Re: generic plans and "initial" pruning

From: Robert Haas <robertmhaas(at)gmail(dot)com>
To: Amit Langote <amitlangote09(at)gmail(dot)com>
Cc: Thom Brown <thom(at)linux(dot)com>, Daniel Gustafsson <daniel(at)yesql(dot)se>, Tom Lane <tgl(at)sss(dot)pgh(dot)pa(dot)us>, Alvaro Herrera <alvherre(at)alvh(dot)no-ip(dot)org>, Andres Freund <andres(at)anarazel(dot)de>, David Rowley <dgrowleyml(at)gmail(dot)com>, Jacob Champion <jchampion(at)timescale(dot)com>, PostgreSQL Hackers <pgsql-hackers(at)postgresql(dot)org>
Subject: Re: generic plans and "initial" pruning
Date: 2023-08-07 15:36:32
Message-ID: CA+Tgmoan++3tDKjBysnp3QdJc_f+zKYFezXQw9jUPvRY=kZ9Cg@mail.gmail.com
Views: Raw Message | Whole Thread | Download mbox | Resend email
Thread:
Lists: pgsql-hackers

On Thu, Aug 3, 2023 at 4:37 AM Amit Langote <amitlangote09(at)gmail(dot)com> wrote:
> Here's a patch set where the refactoring to move the ExecutorStart()
> calls to be closer to GetCachedPlan() (for the call sites that use a
> CachedPlan) is extracted into a separate patch, 0002. Its commit
> message notes an aspect of this refactoring that I feel a bit nervous
> about -- needing to also move the CommandCounterIncrement() call from
> the loop in PortalRunMulti() to PortalStart() which now does
> ExecutorStart() for the PORTAL_MULTI_QUERY case.

I spent some time today reviewing 0001. Here are a few thoughts and
notes about things that I looked at.

First, I wondered whether it was really adequate for ExecEndPlan() to
just loop over estate->es_plan_nodes and call it good. Put
differently, is it possible that we could ever have more than one
relevant EState, say for a subplan or an EPQ execution or something,
so that this loop wouldn't cover everything? I found nothing to make
me think that this is a real danger.

Second, I wondered whether the ordering of cleanup operations could be
an issue. Right now, a node can position cleanup code before, after,
or both before and after recursing to child nodes, whereas with this
design change, the cleanup code will always be run before recursing to
child nodes. Here, I think we have problems. Both ExecGather and
ExecEndGatherMerge intentionally clean up the children before the
parent, so that the child shutdown happens before
ExecParallelCleanup(). Based on the comment and commit
acf555bc53acb589b5a2827e65d655fa8c9adee0, this appears to be
intentional, and you can sort of see why from looking at the stuff
that happens in ExecParallelCleanup(). If the instrumentation data
vanishes before the child nodes have a chance to clean things up,
maybe EXPLAIN ANALYZE won't reflect that instrumentation any more. If
the DSA vanishes, maybe we'll crash if we try to access it. If we
actually reach DestroyParallelContext(), we're just going to start
killing the workers. None of that sounds like what we want.
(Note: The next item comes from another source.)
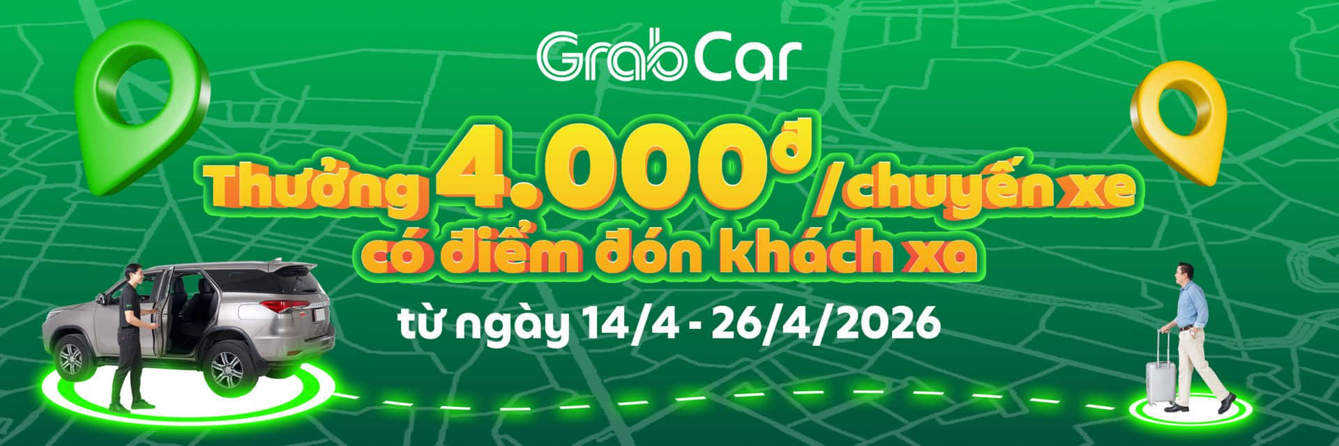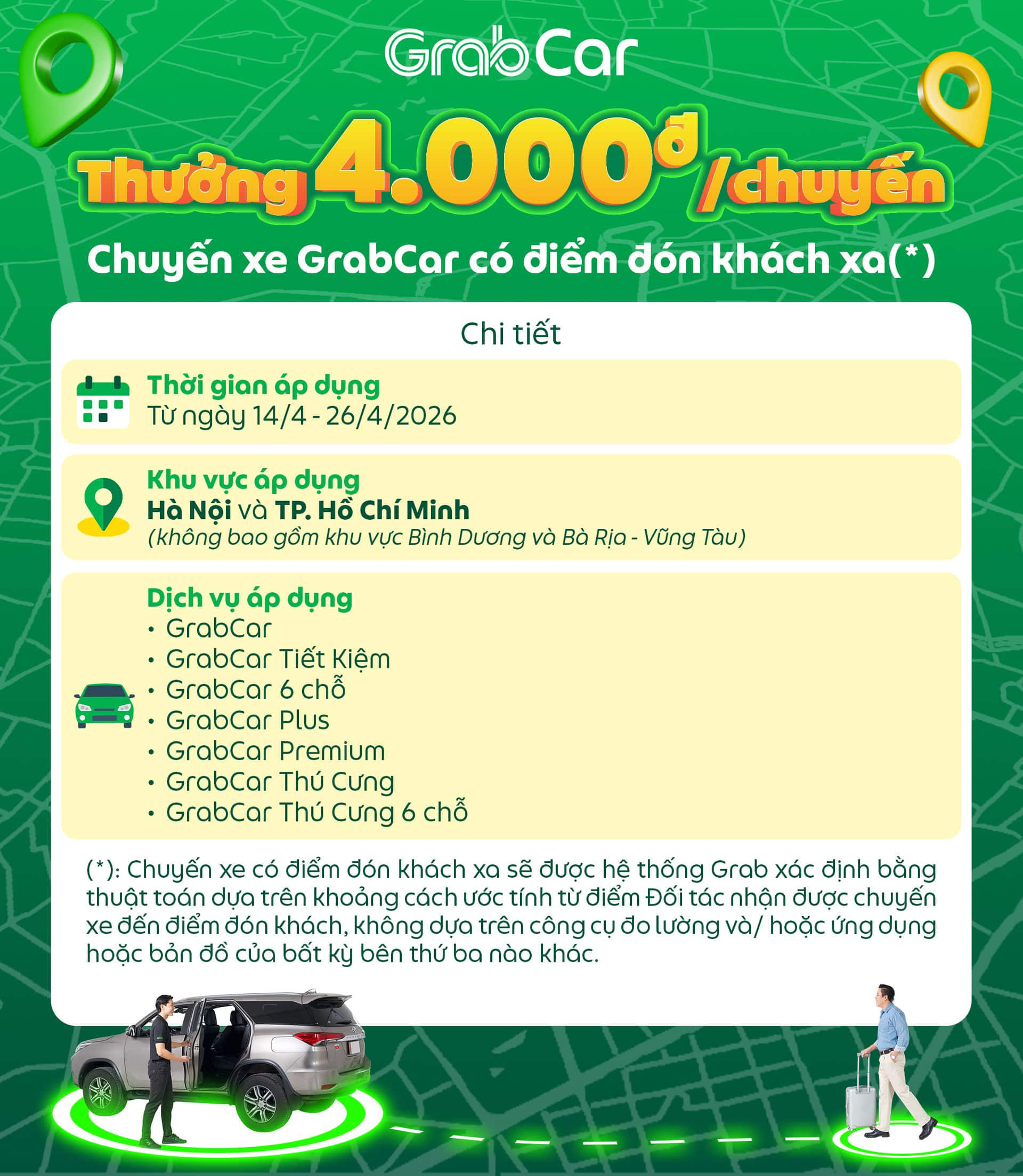 Grab triển khai chương trình thưởng dành cho các chuyến xe GrabCar có điểm đón khách xa, giúp Đối tác tăng thêm thu nhập khi hoàn thành chuyến.

The good news, of a sort, is that I think this might be the only case
of this sort of problem. Most nodes recurse at the end, after doing
all the cleanup, so the behavior won't change. Moreover, even if it
did, most cleanup operations look pretty localized -- they affect only
the node itself, and not its children. A somewhat interesting case is
nodes associated with subplans. Right now, because of the coding of
ExecEndPlan, nodes associated with subplans are all cleaned up at the
very end, after everything that's not inside of a subplan. But with
this change, they'd get cleaned up in the order of initialization,
which actually seems more natural, as long as it doesn't break
anything, which I think it probably won't, since as I mention in most
cases node cleanup looks quite localized, i.e. it doesn't care whether
it happens before or after the cleanup of other nodes.
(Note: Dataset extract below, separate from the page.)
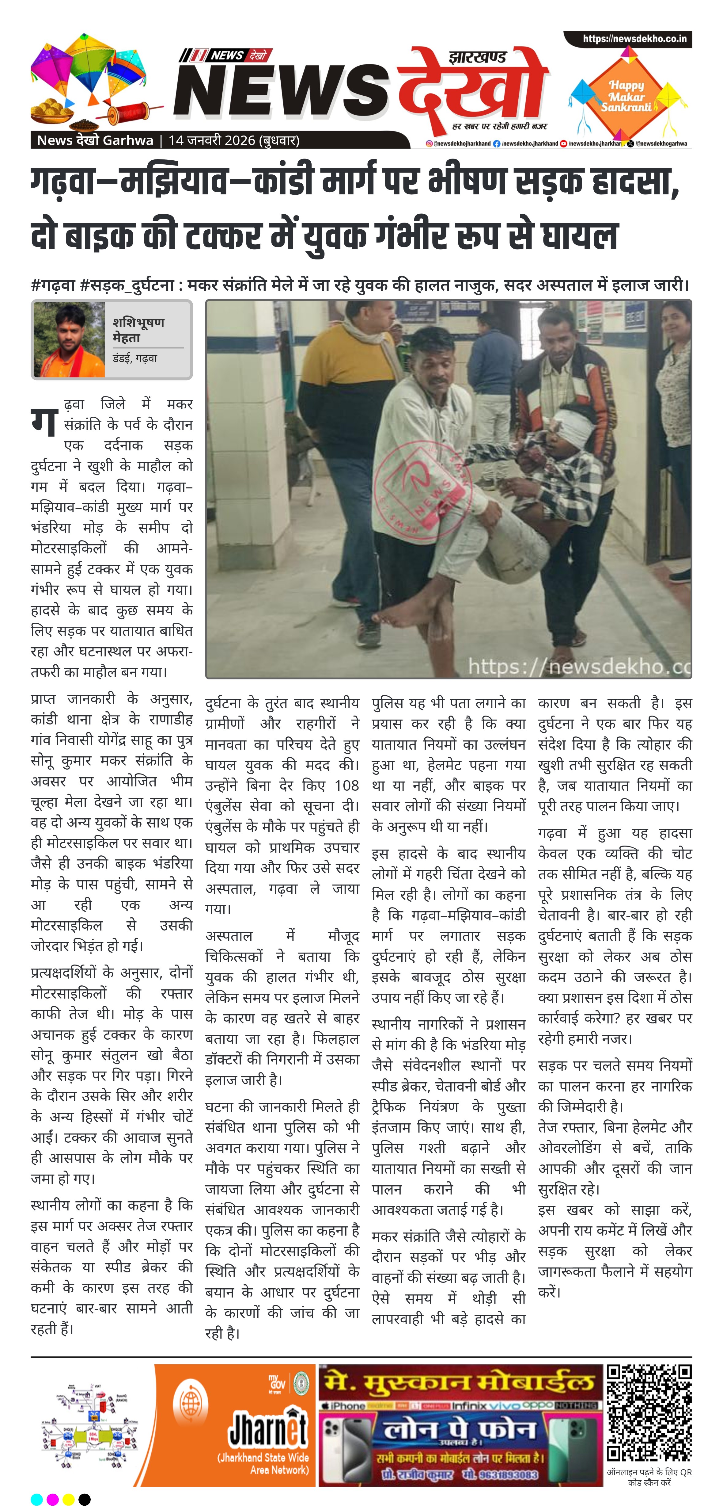 गढ़वा जिले में मकर संक्रांति के पर्व के दौरान एक दर्दनाक सड़क दुर्घटना ने खुशी के माहौल को गम में बदल दिया। गढ़वा–मझियाव–कांडी मुख्य मार्ग पर भंडरिया मोड़ के समीप दो मोटरसाइकिलों की आमने-सामने हुई टक्कर में एक युवक गंभीर रूप से घायल हो गया। हादसे के बाद कुछ समय के लिए सड़क पर यातायात बाधित रहा और घटनास्थल पर अफरा-तफरी का माहौल बन गया।

I think something will have to be done about the parallel query stuff,
though. I'm not sure exactly what. It is a little weird that Gather
and Gather Merge treat starting and killing workers as a purely
"private matter" that they can decide to handle without the executor
overall being very much aware of it. So maybe there's a way that some
of the cleanup logic here could be hoisted up into the general
executor machinery, that is, first end all the nodes, and then go
back, and end all the parallelism using, maybe, another list inside of
the estate. However, I think that the existence of ExecShutdownNode()
is a complication here -- we need to make sure that we don't break
either the case where that happen before overall plan shutdown, or the
case where it doesn't.

Third, a couple of minor comments on details of how you actually made
these changes in the patch set. Personally, I would remove all of the
"is closed separately" comments that you added. I think it's a
violation of the general coding principle that you should make the
code look like it's always been that way. Sure, in the immediate
future, people might wonder why you don't need to recurse, but 5 or 10
years from now that's just going to be clutter. Second, in the cases
where the ExecEndNode functions end up completely empty, I would
suggest just removing the functions entirely and making the switch
that dispatches on the node type have a switch case that lists all the
nodes that don't need a callback here and say /* Nothing do for these
node types */ break;. This will save a few CPU cycles and I think it
will be easier to read as well.

Fourth, I wonder whether we really need this patch at all. I initially
thought we did, because if we abandon the initialization of a plan
partway through, then we end up with a plan that is in a state that
previously would never have occurred, and we still have to be able to
clean it up. However, perhaps it's a difference without a distinction.
Say we have a partial plan tree, where not all of the PlanState nodes
ever got created. We then just call the existing version of
ExecEndPlan() on it, with no changes. What goes wrong? Sure, we might
call ExecEndNode() on some null pointers where in the current world
there would always be valid pointers, but ExecEndNode() will handle
that just fine, by doing nothing for those nodes, because it starts
with a NULL-check.

Another alternative design might be to switch ExecEndNode to use
planstate_tree_walker to walk the node tree, removing the walk from
the node-type-specific functions as in this patch, and deleting the
end-node functions that are no longer required altogether, as proposed
above. I somehow feel that this would be cleaner than the status quo,
but here again, I'm not sure we really need it. planstate_tree_walker
would just pass over any NULL pointers that it found without doing
anything, but the current code does that too, so while this might be
more beautiful than what we have now, I'm not sure that there's any
real reason to do it. The fact that, like the current patch, it would
change the order in which nodes are cleaned up is also an issue -- the
Gather/Gather Merge ordering issues might be easier to handle this way
with some hack in ExecEndNode() than they are with the design you have
now, but we'd still have to do something about them, I believe.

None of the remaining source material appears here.